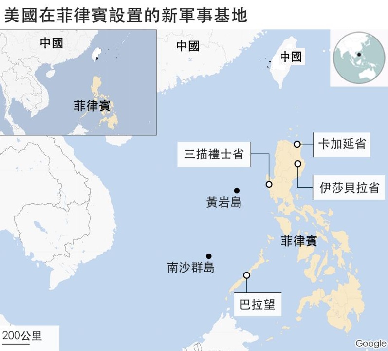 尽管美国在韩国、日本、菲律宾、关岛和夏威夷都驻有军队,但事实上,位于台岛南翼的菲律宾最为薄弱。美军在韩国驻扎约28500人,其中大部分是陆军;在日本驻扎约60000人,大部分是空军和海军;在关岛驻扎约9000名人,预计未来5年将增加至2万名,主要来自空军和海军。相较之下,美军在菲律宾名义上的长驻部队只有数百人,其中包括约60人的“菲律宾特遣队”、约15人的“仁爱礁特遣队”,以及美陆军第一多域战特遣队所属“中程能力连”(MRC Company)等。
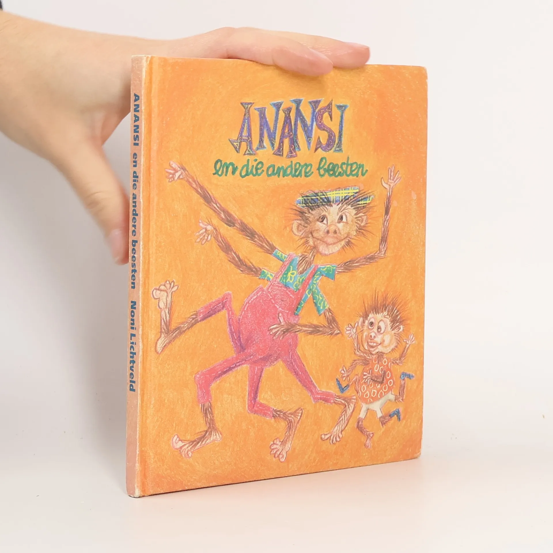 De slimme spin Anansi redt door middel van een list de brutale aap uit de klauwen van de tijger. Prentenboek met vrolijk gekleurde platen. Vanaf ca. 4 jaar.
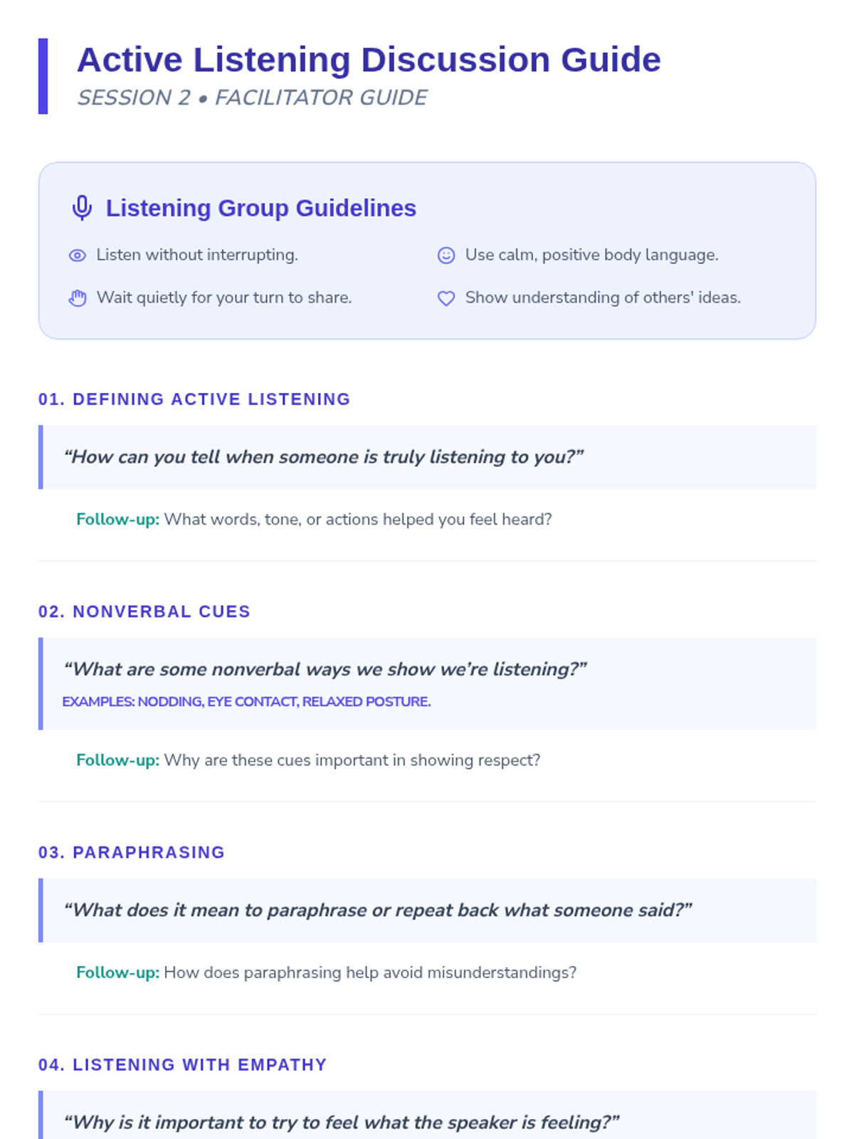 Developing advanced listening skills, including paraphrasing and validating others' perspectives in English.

*****

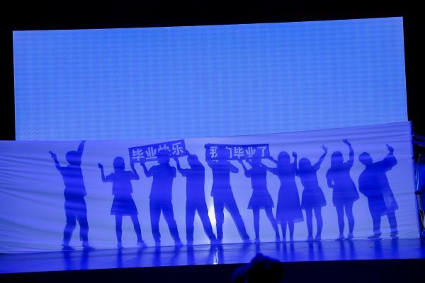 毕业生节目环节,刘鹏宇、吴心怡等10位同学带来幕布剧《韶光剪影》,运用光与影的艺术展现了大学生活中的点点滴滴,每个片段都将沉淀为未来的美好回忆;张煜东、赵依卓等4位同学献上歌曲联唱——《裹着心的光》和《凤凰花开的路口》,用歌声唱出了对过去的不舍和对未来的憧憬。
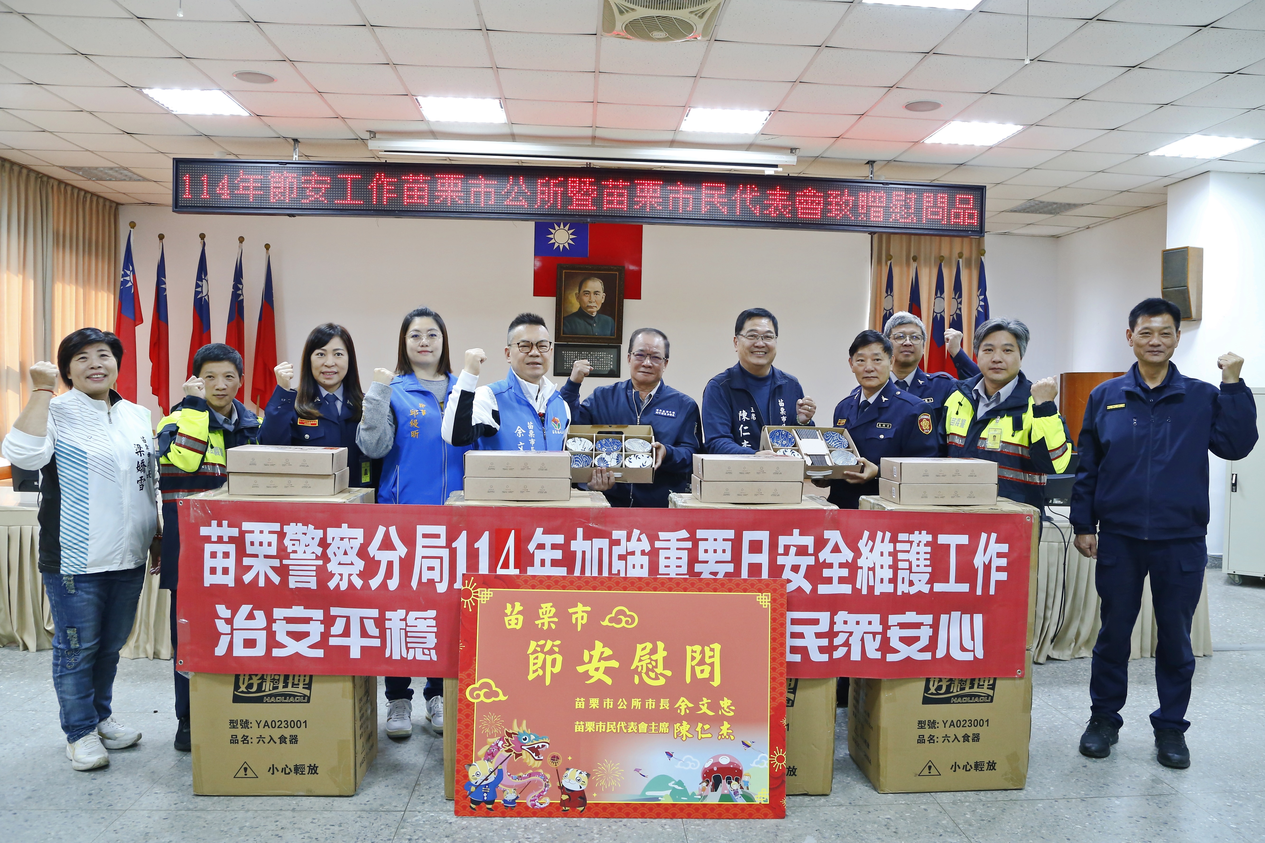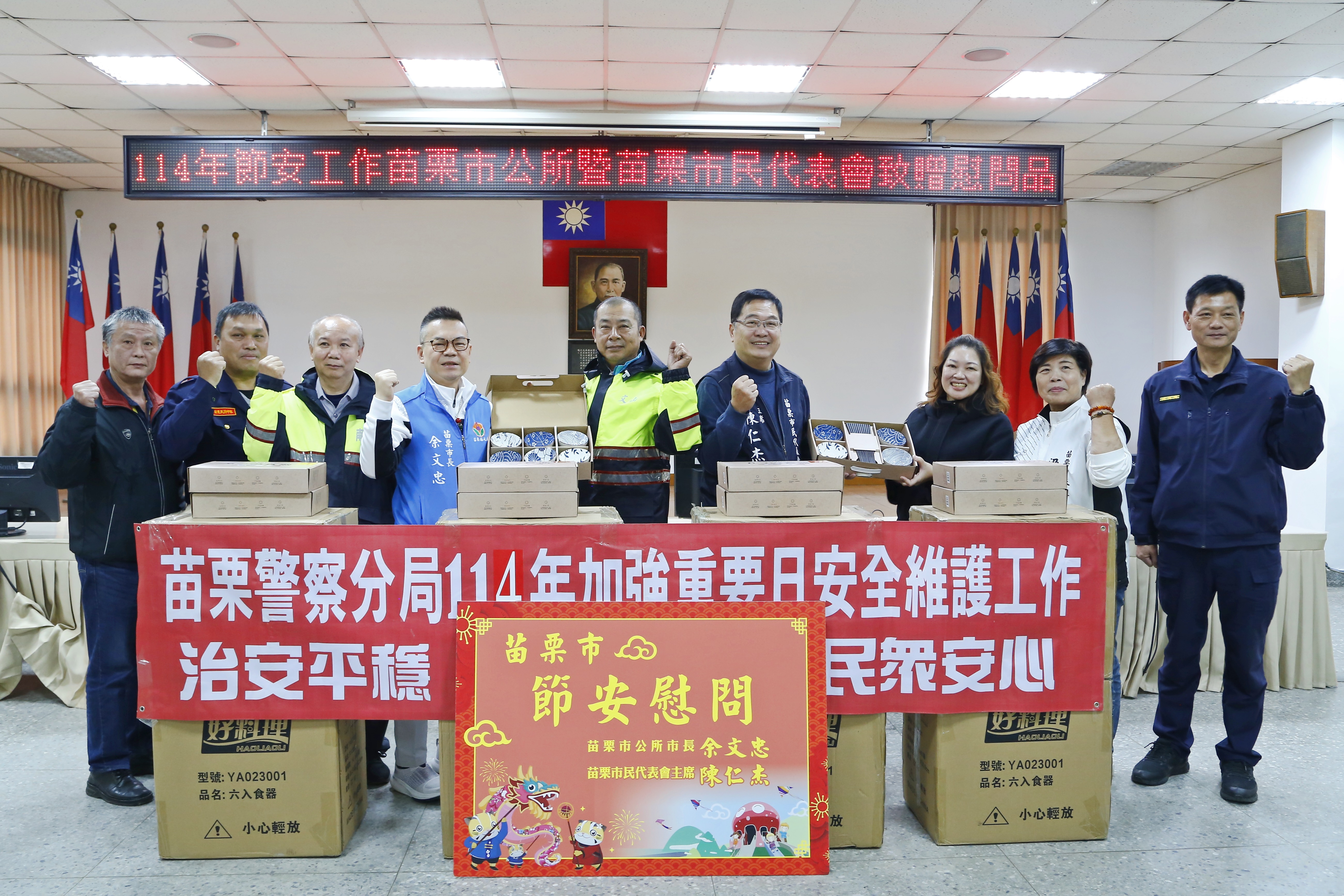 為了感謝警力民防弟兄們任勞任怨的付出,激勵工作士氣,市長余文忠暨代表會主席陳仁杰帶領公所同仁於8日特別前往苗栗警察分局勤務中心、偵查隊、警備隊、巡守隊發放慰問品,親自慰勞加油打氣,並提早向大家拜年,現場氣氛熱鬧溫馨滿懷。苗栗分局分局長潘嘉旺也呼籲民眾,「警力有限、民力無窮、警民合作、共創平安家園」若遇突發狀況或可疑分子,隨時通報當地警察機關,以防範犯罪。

*****

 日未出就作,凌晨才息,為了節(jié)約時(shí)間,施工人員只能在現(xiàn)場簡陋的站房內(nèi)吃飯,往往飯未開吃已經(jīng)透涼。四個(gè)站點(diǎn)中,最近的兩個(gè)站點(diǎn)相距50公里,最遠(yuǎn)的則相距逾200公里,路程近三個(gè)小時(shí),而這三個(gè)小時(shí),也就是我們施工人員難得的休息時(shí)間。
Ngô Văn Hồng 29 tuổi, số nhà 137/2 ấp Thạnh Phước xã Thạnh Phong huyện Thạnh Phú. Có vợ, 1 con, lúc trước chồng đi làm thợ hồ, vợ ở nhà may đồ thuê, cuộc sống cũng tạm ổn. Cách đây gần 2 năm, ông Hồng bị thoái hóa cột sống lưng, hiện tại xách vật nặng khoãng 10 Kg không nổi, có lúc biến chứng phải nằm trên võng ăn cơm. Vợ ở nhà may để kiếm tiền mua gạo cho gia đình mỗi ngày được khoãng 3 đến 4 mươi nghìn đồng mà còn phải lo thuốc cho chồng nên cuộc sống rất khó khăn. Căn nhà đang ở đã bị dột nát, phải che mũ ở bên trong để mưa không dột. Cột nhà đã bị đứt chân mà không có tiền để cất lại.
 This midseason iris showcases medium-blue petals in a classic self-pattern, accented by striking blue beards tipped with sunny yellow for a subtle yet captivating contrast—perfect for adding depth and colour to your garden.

*****

PROBLEM DETAILS: Output only the lines above from the line that holds "尽管美国在韩国、日本、菲律宾" through the line that holds "Developing advanced listening", both ends included, and exclude pictures.

TASK RESPONSE:
 尽管美国在韩国、日本、菲律宾、关岛和夏威夷都驻有军队,但事实上,位于台岛南翼的菲律宾最为薄弱。美军在韩国驻扎约28500人,其中大部分是陆军;在日本驻扎约60000人,大部分是空军和海军;在关岛驻扎约9000名人,预计未来5年将增加至2万名,主要来自空军和海军。相较之下,美军在菲律宾名义上的长驻部队只有数百人,其中包括约60人的“菲律宾特遣队”、约15人的“仁爱礁特遣队”,以及美陆军第一多域战特遣队所属“中程能力连”(MRC Company)等。
 De slimme spin Anansi redt door middel van een list de brutale aap uit de klauwen van de tijger. Prentenboek met vrolijk gekleurde platen. Vanaf ca. 4 jaar.
 Developing advanced listening skills, including paraphrasing and validating others' perspectives in English.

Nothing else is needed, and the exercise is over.